Having attempted to work with a couple of more experienced chefs, the first from the region, the second an Italian, Wagner has instead promoted the local Burt Jules. He is enthusiastic and generous. All the portions of the first course dishes are on the large side and one serving of spaghetti in a tomato sauce with seafood actually seemed to me to have used up most, if not all, of a packet. Wagner appreciates both Jules’s enthusiasm and the need to add more finesse and is looking to send him to Europe for work and inspiration in the summer.
But Wagner also appreciates that Jules’s current skills and enthusiasm are sufficient to please his predominantly British clientele. One night when he visited our table, Wagner spotted our bottle of Ch Lamothe-Bergeron 2015 ($73), one of the better bets on the hotel’s short list of ‘Reserve du Patron’ wines.

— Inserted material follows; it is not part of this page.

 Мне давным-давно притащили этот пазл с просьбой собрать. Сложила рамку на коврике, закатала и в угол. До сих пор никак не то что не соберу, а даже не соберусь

Picking it up he commented, ‘My guests don’t usually come here for the wine selection, they come for the rum.’ We certainly sampled St Lucia's rum brand Bounty, not least with honey and fresh lime juice – the perfect cough medicine.
You need to be reasonably fit but not a fitness freak to enjoy Calabash Cove. The gym is spacious but not state-of-the art. The pool is not suitable for lap swimming. And some of the walkways are pretty tricky. From the beach to the reception involves more than 80 steps that are demanding when dry and can be almost dangerous after a rain shower (Wagner assured me that a consignment of 150 new metal treads would be fitted soon but are currently held up). Wheelchair access? Not a hope.
But these seemed to be of little concern to the many British guests who have come to appreciate Calabash Cove for its numerous other charms: its small size, its natural beauty, the sense of space, and its relaxed nature. These are qualities that have been managed most successfully for over a decade now by an Austrian GM. What will become of this hotel in the future is hard to predict.